===== EXTRACTED MATERIAL =====

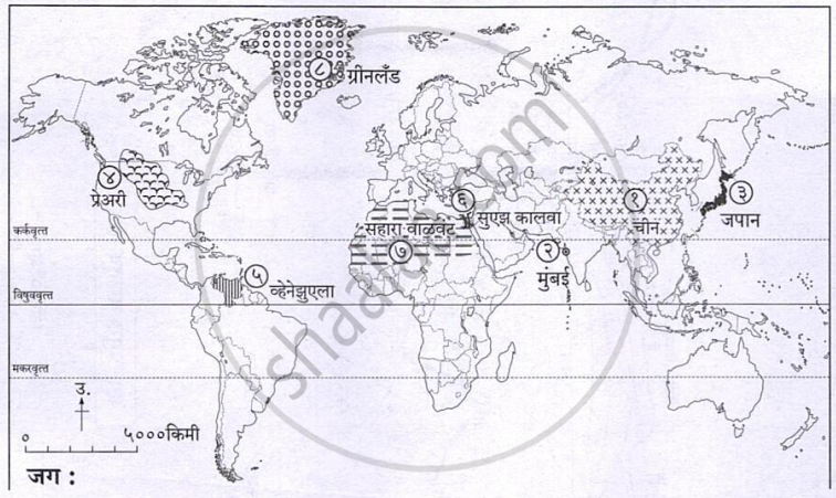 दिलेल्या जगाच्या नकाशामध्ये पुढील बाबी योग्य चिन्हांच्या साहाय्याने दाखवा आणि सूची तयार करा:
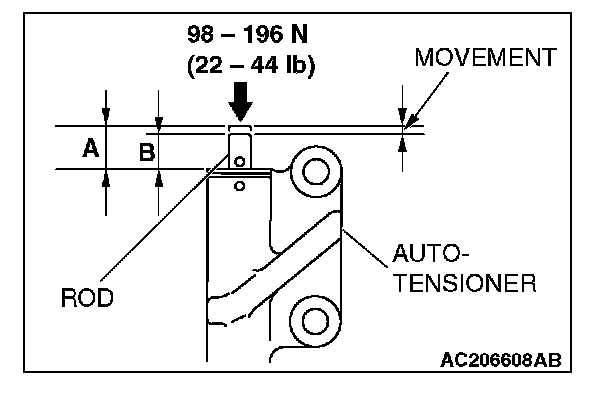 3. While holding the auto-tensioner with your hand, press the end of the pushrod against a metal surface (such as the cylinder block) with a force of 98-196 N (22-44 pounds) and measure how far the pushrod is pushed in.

=====
===== EXTRACTED MATERIAL =====

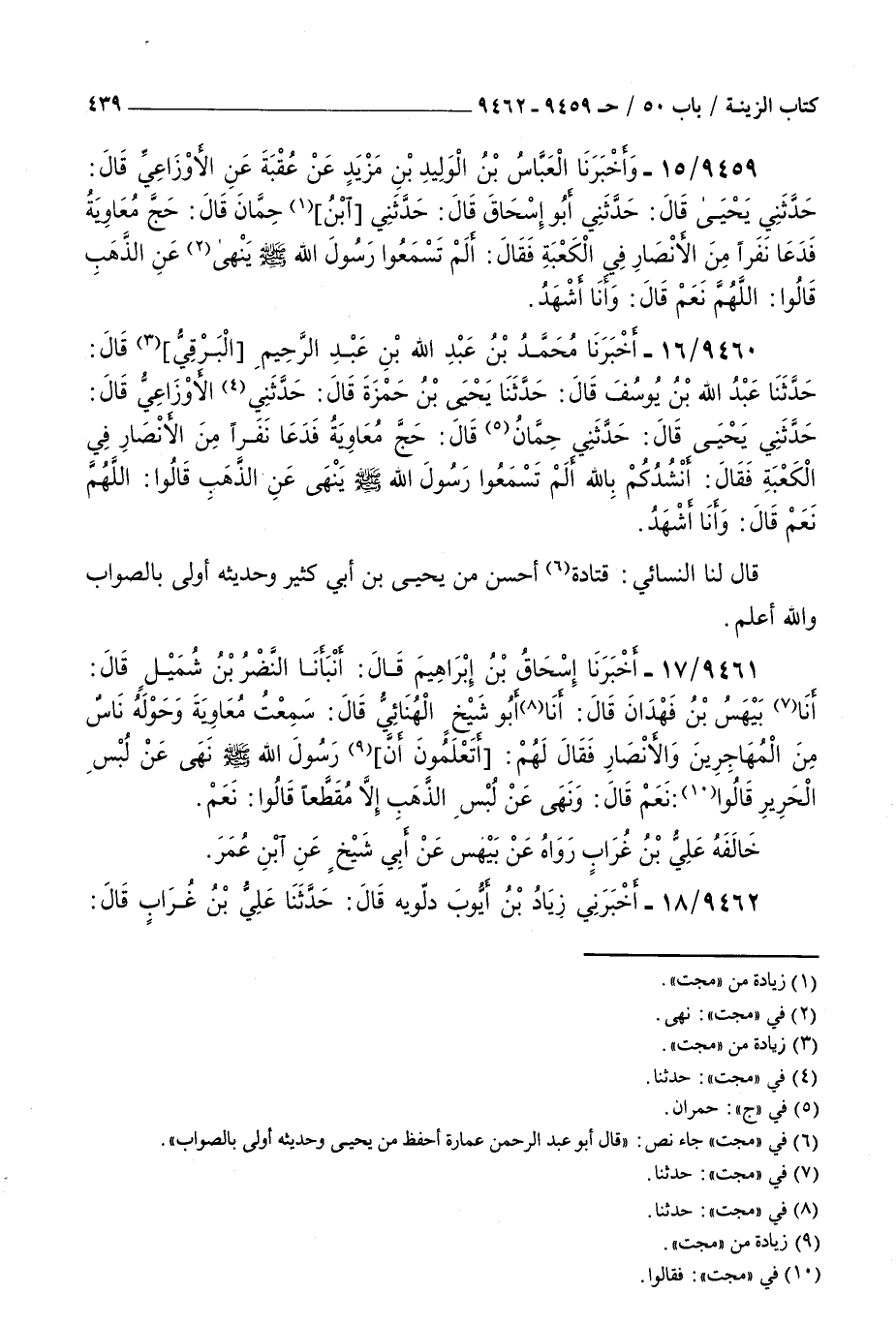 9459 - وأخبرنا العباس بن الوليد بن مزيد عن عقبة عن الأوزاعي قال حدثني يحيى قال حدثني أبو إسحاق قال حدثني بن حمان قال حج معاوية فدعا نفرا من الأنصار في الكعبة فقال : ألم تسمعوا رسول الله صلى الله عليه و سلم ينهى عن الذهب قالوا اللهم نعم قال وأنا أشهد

=====

__ACTION ITEM__.
Retype, exactly and with no pictures, everything above from the line with "दिलेल्या जगाच्या नकाशामध्ये" down to the line with "3. While holding", both included.

__TASK RESULT__.
 दिलेल्या जगाच्या नकाशामध्ये पुढील बाबी योग्य चिन्हांच्या साहाय्याने दाखवा आणि सूची तयार करा:
 3. While holding the auto-tensioner with your hand, press the end of the pushrod against a metal surface (such as the cylinder block) with a force of 98-196 N (22-44 pounds) and measure how far the pushrod is pushed in.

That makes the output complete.